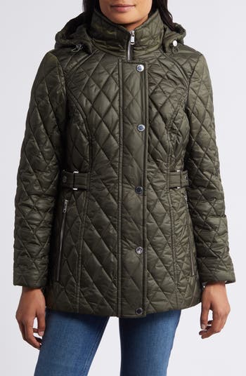 Cinching waist straps shape a quilted jacket that's ready for the elements with a water-resistant finish and removable hood.
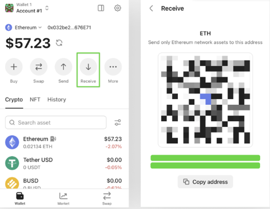 Для пополнения криптокошелька достаточно внести цифровые активы на индивидуальный адрес в выбранной сети, который сообщает программа. Для удобства пользователя можно отправить крипту по QR-коду с экрана приложения.
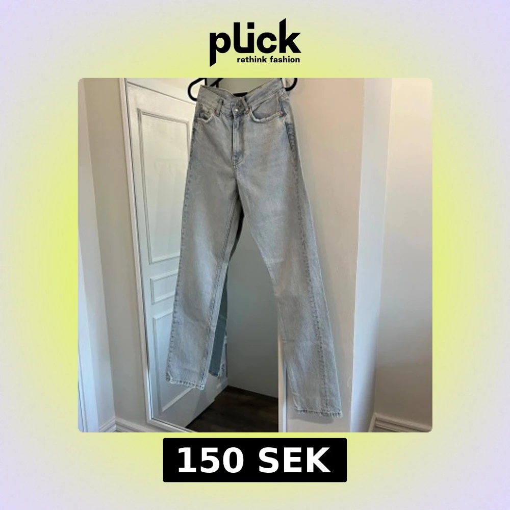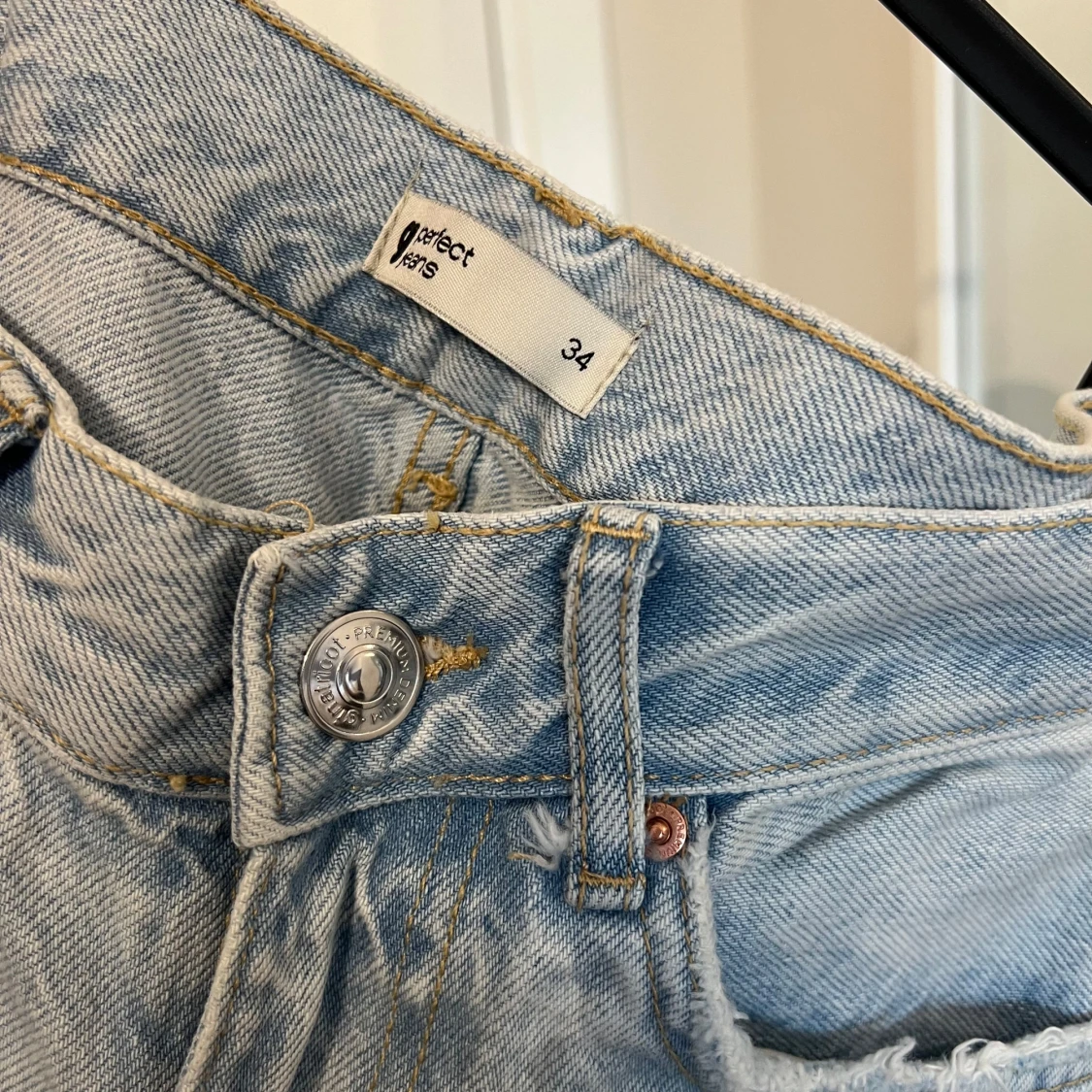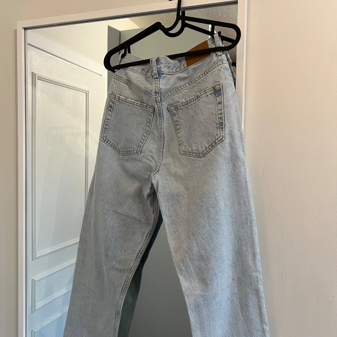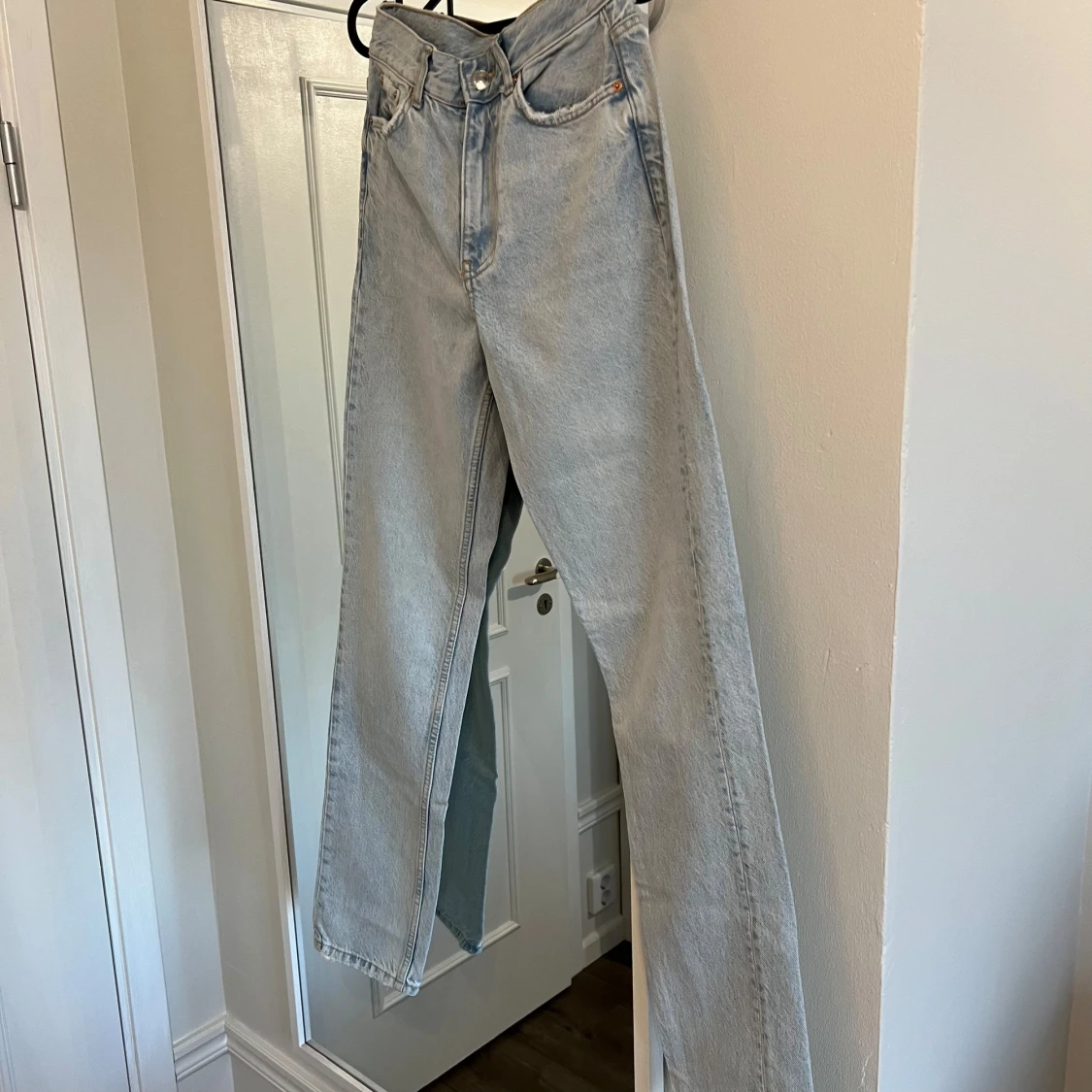 Ljusblå jeans med hög midja. De har en rak passform och är från ginatricot o storlek 34, som nya använda en gång

§ **Directions**: Return the listing above unaltered, omitting its pictures.

§ **Answer box**:
 Cinching waist straps shape a quilted jacket that's ready for the elements with a water-resistant finish and removable hood.
 Для пополнения криптокошелька достаточно внести цифровые активы на индивидуальный адрес в выбранной сети, который сообщает программа. Для удобства пользователя можно отправить крипту по QR-коду с экрана приложения.
 Ljusblå jeans med hög midja. De har en rak passform och är från ginatricot o storlek 34, som nya använda en gång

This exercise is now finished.